== HOW TO COMPLETE THIS TASK ==
Starting at the top of the records below and ending with the line that contains "Chic Pink and", print each line exactly as written, skipping the pictures.

-=-=-

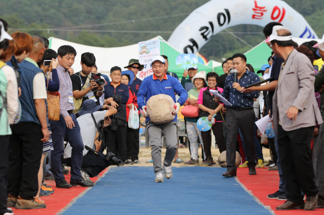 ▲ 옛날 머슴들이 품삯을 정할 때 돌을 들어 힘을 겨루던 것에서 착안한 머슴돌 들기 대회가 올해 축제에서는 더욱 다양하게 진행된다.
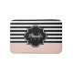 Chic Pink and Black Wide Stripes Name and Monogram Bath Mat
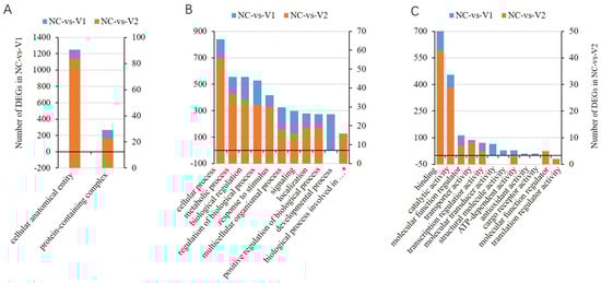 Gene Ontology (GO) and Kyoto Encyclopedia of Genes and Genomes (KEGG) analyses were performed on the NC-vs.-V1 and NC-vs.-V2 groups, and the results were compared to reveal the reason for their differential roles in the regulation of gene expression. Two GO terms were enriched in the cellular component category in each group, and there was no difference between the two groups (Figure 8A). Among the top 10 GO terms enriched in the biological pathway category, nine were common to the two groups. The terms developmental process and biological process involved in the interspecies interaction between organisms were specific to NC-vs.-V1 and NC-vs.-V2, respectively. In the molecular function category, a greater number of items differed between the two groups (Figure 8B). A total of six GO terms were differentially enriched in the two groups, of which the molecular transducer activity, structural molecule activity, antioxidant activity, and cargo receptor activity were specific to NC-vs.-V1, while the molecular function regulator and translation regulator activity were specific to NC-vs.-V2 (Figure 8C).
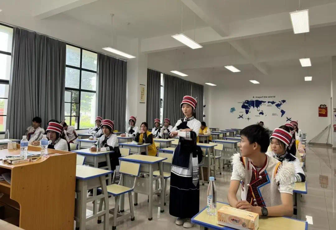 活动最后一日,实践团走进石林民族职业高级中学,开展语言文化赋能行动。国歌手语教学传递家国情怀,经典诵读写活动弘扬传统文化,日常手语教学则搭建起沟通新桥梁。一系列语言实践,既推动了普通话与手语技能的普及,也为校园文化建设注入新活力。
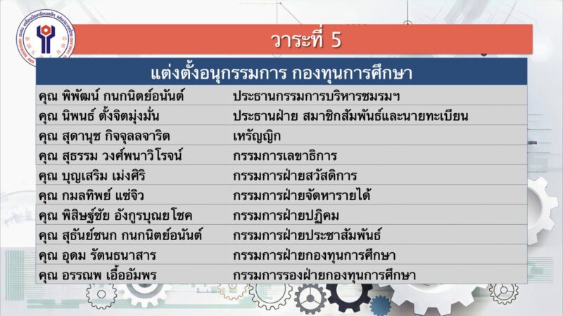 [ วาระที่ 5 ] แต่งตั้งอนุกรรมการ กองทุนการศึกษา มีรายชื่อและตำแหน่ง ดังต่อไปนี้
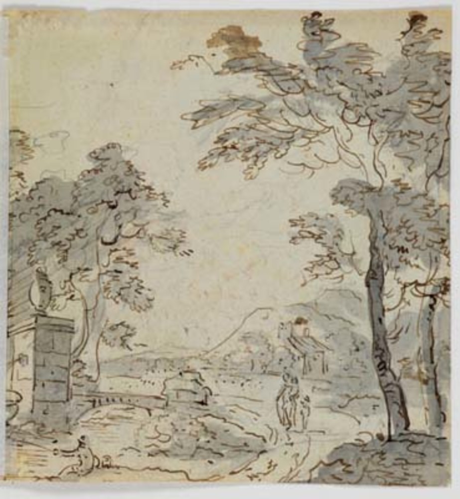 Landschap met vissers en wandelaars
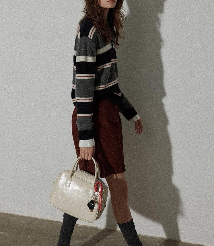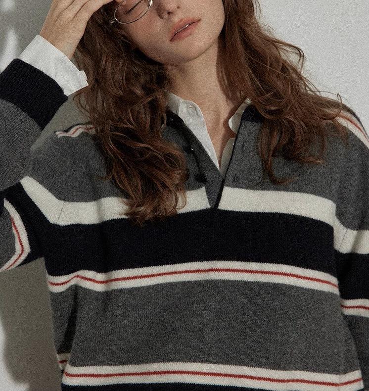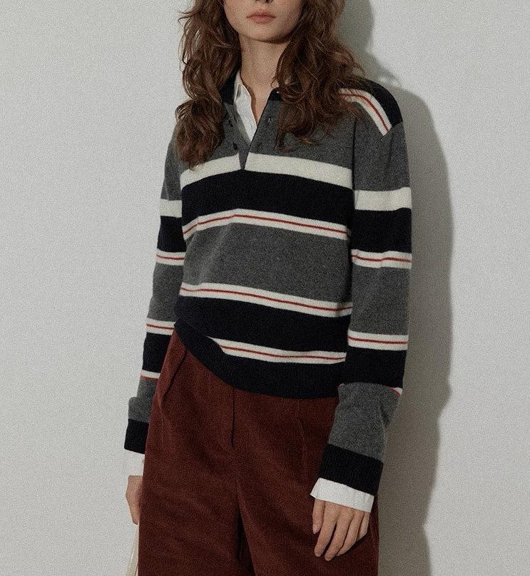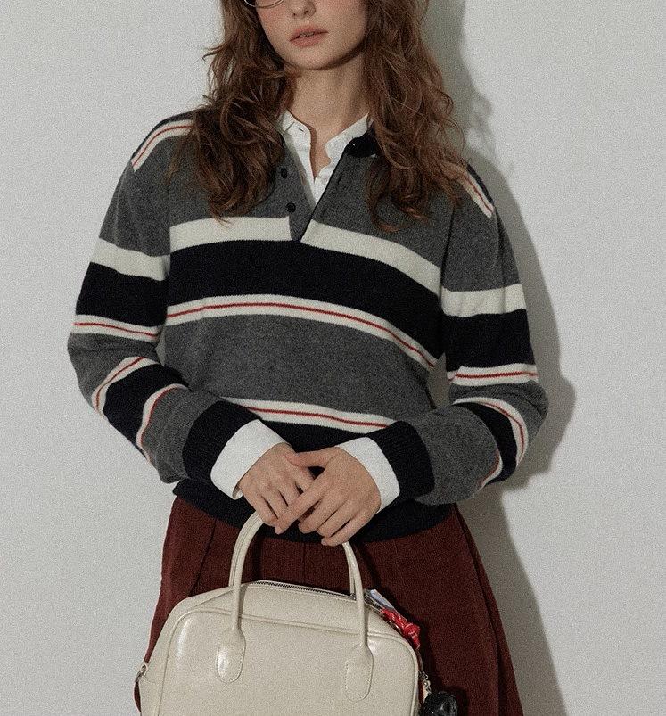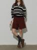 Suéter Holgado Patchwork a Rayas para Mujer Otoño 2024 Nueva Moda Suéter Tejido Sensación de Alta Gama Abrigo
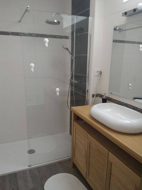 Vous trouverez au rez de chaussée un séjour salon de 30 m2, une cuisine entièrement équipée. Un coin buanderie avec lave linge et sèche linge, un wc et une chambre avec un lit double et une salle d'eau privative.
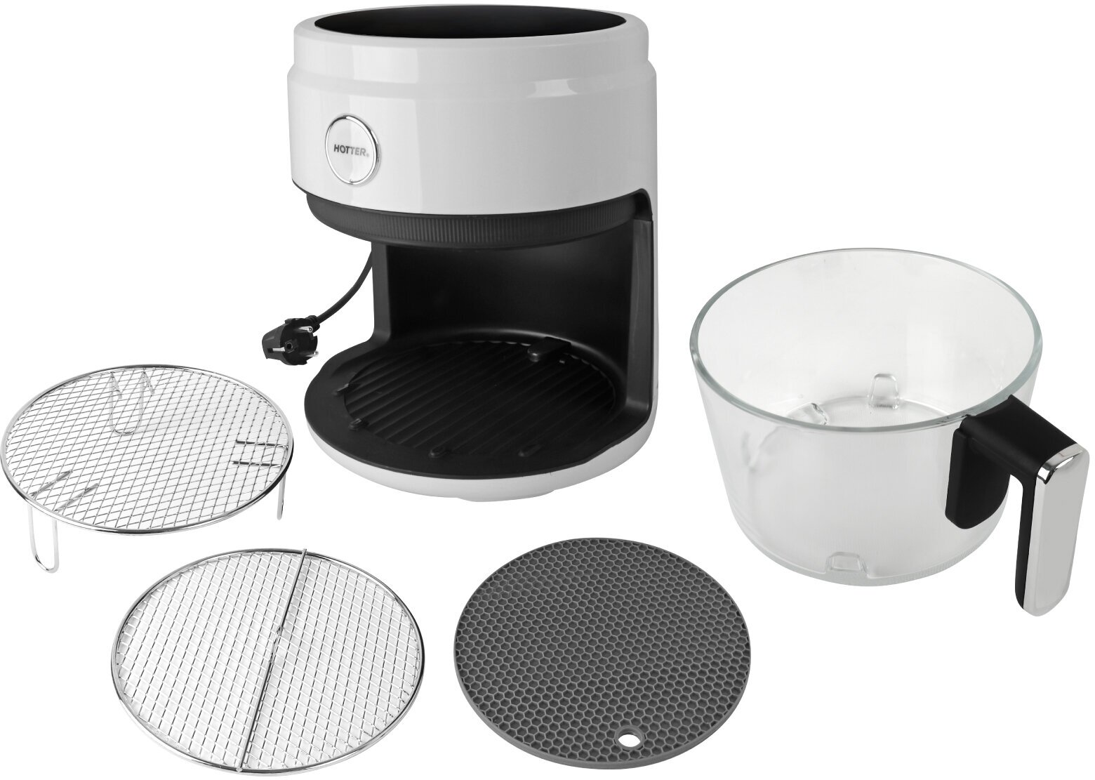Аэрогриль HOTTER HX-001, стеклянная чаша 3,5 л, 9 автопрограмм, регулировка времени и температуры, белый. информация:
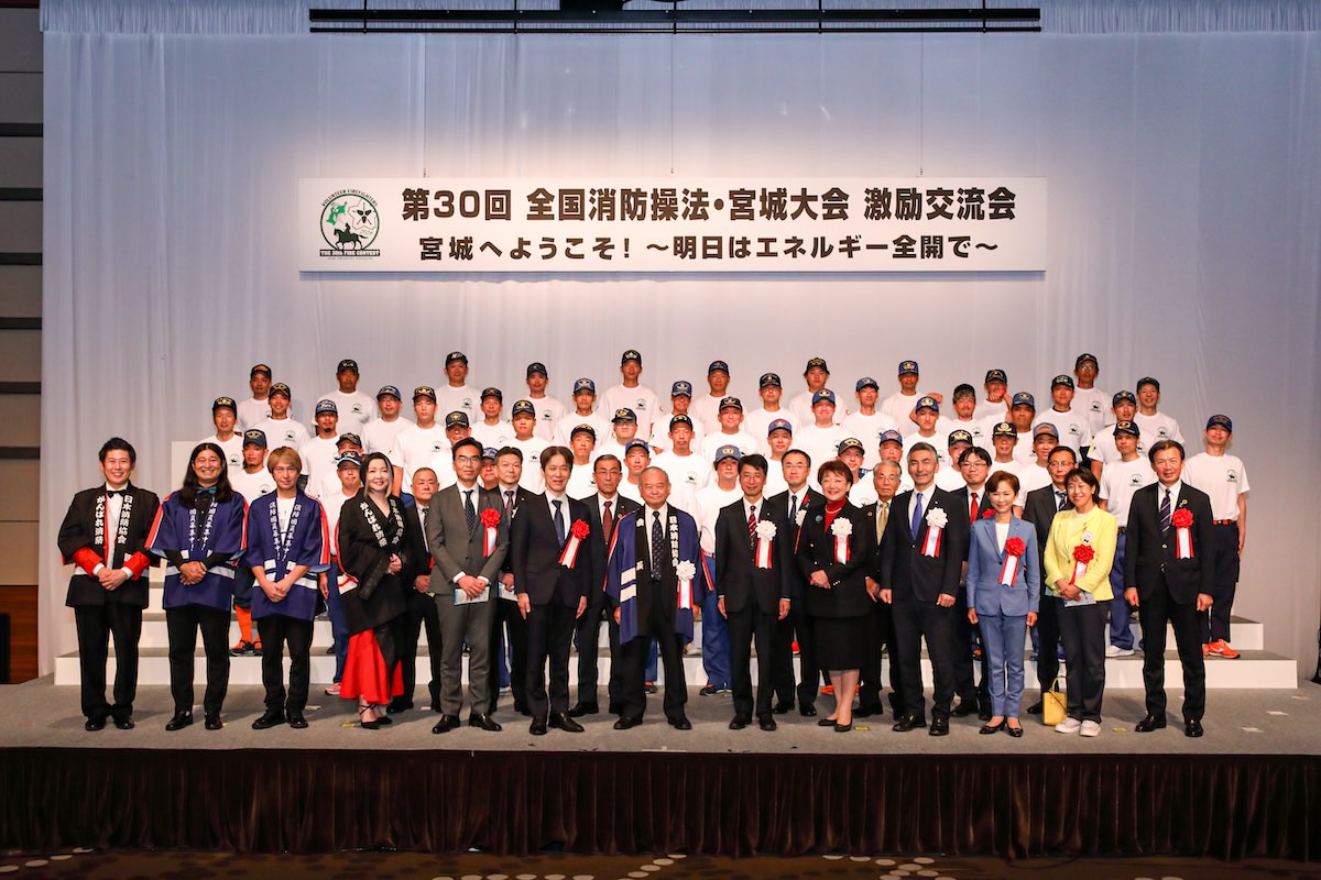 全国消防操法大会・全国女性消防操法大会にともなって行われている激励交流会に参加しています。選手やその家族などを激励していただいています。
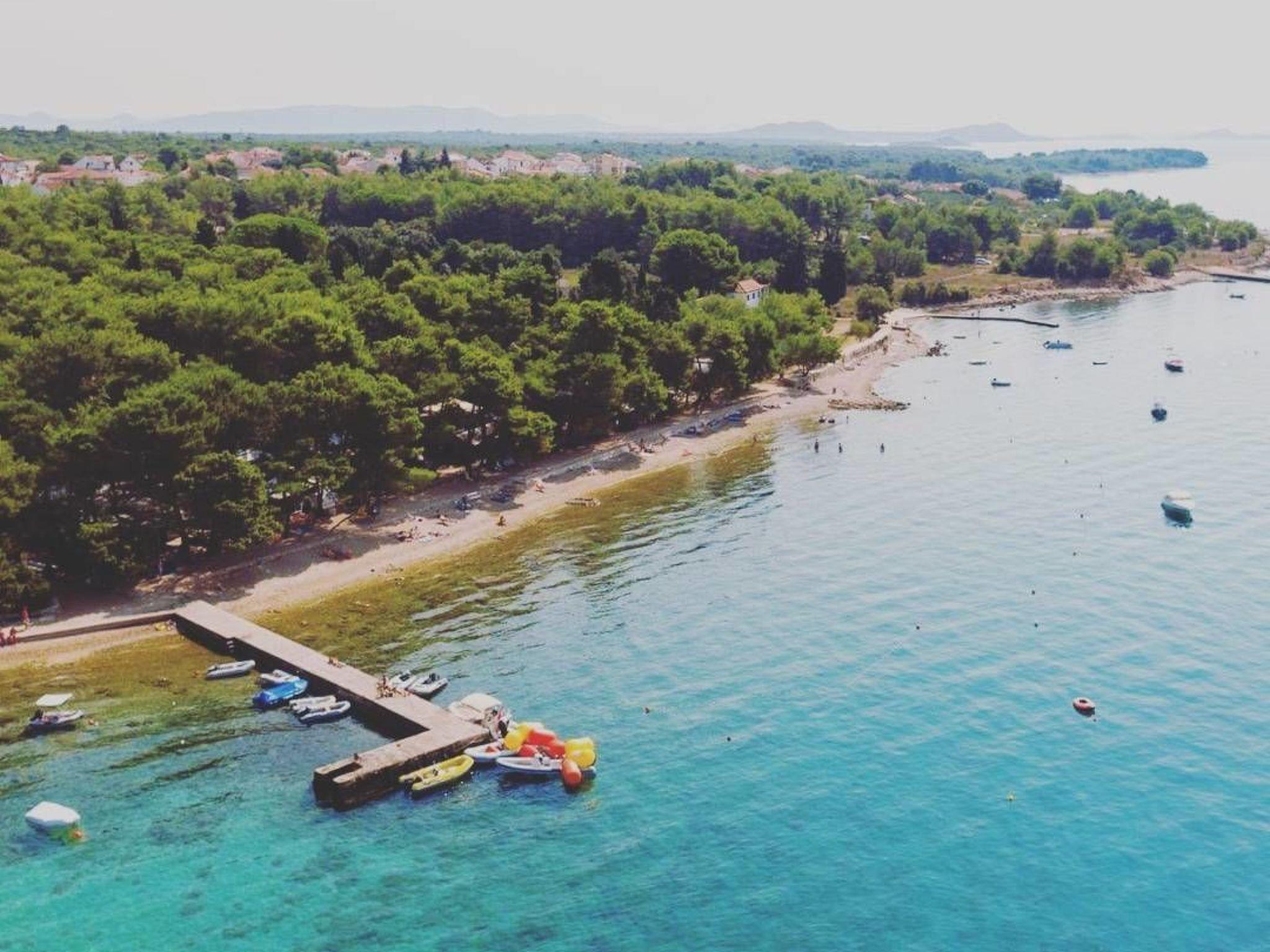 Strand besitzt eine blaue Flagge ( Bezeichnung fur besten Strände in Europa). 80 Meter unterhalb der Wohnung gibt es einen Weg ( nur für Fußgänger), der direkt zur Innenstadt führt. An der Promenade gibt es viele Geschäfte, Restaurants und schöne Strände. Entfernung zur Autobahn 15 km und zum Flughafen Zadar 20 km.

-=-=-

== FINAL ANSWER ==
 ▲ 옛날 머슴들이 품삯을 정할 때 돌을 들어 힘을 겨루던 것에서 착안한 머슴돌 들기 대회가 올해 축제에서는 더욱 다양하게 진행된다.
 Chic Pink and Black Wide Stripes Name and Monogram Bath Mat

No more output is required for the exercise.